The Protocols of Satan, Part 29: Constitutional Vanity
The Protocols of Satan, Part 29: Constitutional Vanity
In the last two segments of these Protocols of Satan, we chose to present what we had called The Nazis and the Protocols, which was a translation and discussion of the introduction to the 1938 National Socialist publication of the Protocols of the Learned Elders of Zion. Some of the material in that introduction relates to later portions of the Protocols, however we wanted to present it all at once. Surely we may cite it again at the appropriate points as we continue our commentary. But our primary reason for making the presentation of The Nazis and the Protocols was in response to what the Protocols had boasted in reference to the constitutions of States which had embraced Liberalism in the recent centuries.

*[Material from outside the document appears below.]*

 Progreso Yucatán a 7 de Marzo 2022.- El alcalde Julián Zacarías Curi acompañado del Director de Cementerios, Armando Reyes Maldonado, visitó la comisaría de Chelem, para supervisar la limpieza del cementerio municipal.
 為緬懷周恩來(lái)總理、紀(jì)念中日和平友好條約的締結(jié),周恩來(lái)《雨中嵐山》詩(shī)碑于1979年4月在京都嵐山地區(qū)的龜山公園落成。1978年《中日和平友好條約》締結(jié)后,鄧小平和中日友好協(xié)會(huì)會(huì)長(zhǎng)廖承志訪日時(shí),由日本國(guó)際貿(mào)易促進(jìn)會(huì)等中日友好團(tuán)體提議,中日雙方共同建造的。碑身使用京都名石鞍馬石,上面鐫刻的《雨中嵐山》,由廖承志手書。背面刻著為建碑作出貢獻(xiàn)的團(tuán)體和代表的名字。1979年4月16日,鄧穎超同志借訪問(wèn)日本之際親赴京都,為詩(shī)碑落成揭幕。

In the first part of that introduction to the Protocols the authors had explained the degree of Jewish involvement in the creation of the various State constitutions of 19th century Germany, as well as that of the later Weimar Republic.

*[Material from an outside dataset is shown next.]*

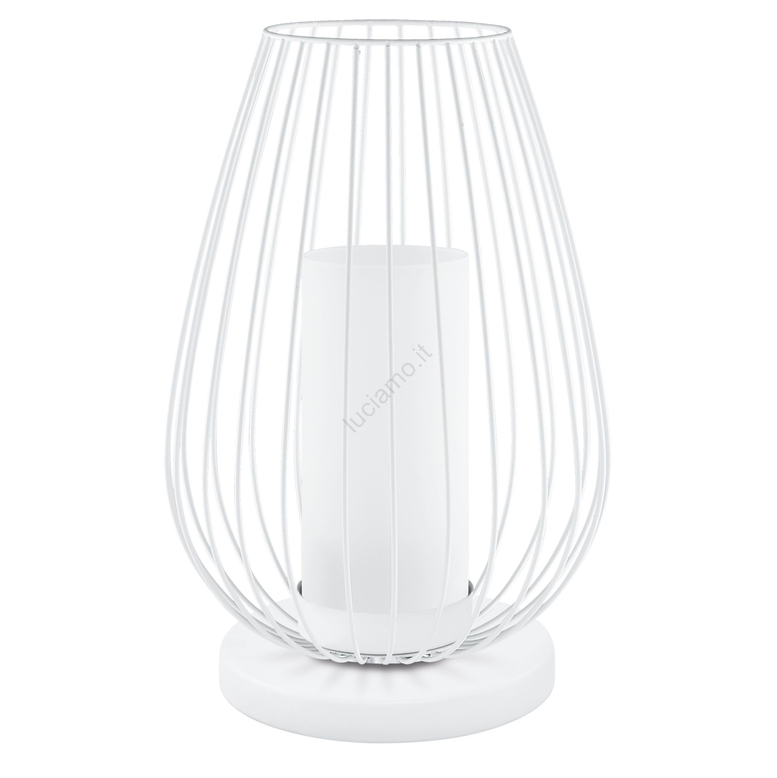 • Lampada da tavolo moderna con paralume esterno decorativo in rete metallica; il diffusore interno è in vetro bianco.

Here we shall once again read that latest portion from Protocol No. 3 from the text of Boris Brasol’s publication of The Protocols and World Revolution:
Protocol No. 3:
We have included in constitutions rights which for the people are fictitious and are not actual rights. All the so-called "rights of the people" can exist only in the abstract and can never be realized in practice. What difference does it make to the toiling proletarian, bent double by heavy toil, oppressed by his fate, that the babblers receive the right to talk, journalists the right to mix nonsense with reason in their writings, if the proletariat has no other gain from the constitution than the miserable crumbs which we throw from our table in return for his vote to elect our agents. Republican rights are bitter irony to the poor man, for the necessity of almost daily labor prevents him from using them, and at the same time deprives him of his guarantee of a permanent and certain livelihood by making him dependent upon strikes, organized either by his masters or by his comrades.